## PROBLEM TO SOLVE
Exactly the lines from the line that has "Obrazok.2: Produkcia kompozitných" through the final line below are to be retyped, and the pictures are not.

· · · · · · ·

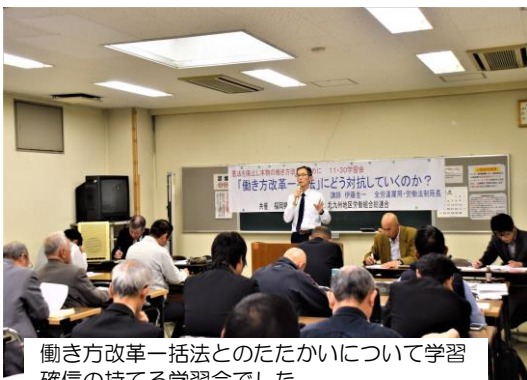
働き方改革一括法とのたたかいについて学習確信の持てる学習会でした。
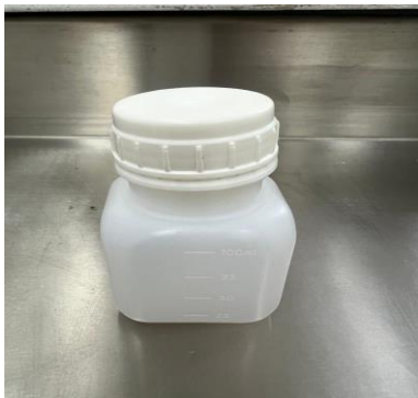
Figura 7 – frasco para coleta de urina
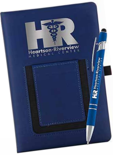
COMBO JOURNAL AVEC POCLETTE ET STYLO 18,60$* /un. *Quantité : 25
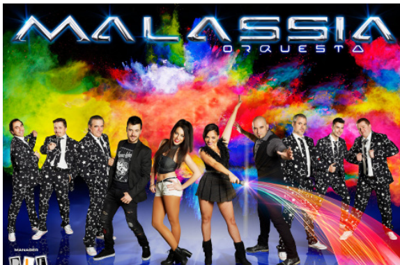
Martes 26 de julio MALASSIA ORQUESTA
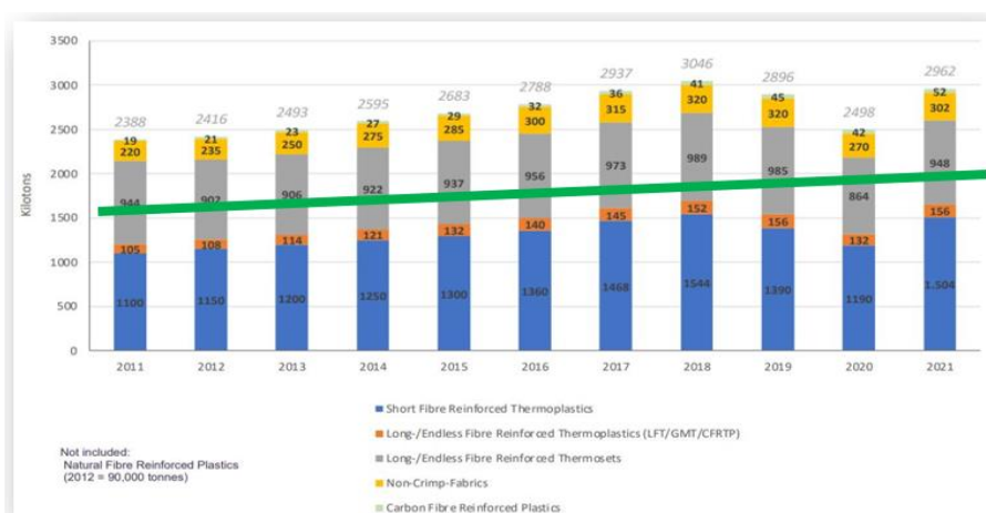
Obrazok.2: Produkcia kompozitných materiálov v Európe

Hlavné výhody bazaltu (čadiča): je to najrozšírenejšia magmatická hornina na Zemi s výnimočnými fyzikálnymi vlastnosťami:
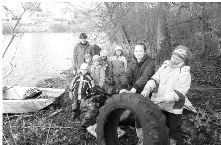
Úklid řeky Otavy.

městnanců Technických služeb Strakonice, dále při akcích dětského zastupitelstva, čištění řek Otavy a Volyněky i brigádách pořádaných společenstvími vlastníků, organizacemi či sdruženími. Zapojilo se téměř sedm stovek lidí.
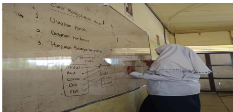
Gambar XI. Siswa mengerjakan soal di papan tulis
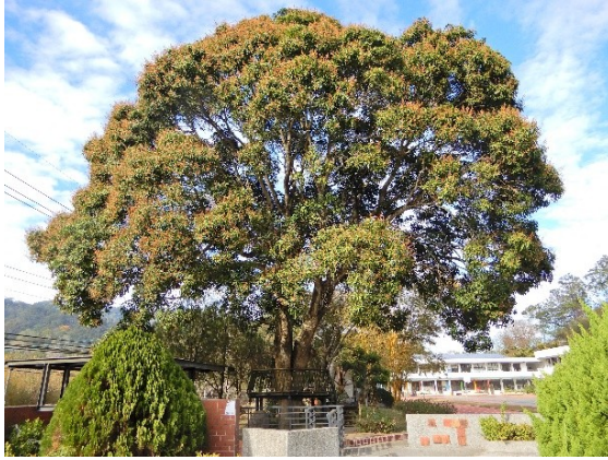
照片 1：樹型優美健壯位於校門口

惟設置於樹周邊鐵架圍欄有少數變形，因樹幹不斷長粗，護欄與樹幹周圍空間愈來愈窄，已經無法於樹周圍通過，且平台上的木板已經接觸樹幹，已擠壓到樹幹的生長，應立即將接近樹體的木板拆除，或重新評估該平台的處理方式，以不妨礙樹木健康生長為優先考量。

· · · · · · ·

## TASK ANSWER
Obrazok.2: Produkcia kompozitných materiálov v Európe

Hlavné výhody bazaltu (čadiča): je to najrozšírenejšia magmatická hornina na Zemi s výnimočnými fyzikálnymi vlastnosťami:
Úklid řeky Otavy.

městnanců Technických služeb Strakonice, dále při akcích dětského zastupitelstva, čištění řek Otavy a Volyněky i brigádách pořádaných společenstvími vlastníků, organizacemi či sdruženími. Zapojilo se téměř sedm stovek lidí.
Gambar XI. Siswa mengerjakan soal di papan tulis
照片 1：樹型優美健壯位於校門口

惟設置於樹周邊鐵架圍欄有少數變形，因樹幹不斷長粗，護欄與樹幹周圍空間愈來愈窄，已經無法於樹周圍通過，且平台上的木板已經接觸樹幹，已擠壓到樹幹的生長，應立即將接近樹體的木板拆除，或重新評估該平台的處理方式，以不妨礙樹木健康生長為優先考量。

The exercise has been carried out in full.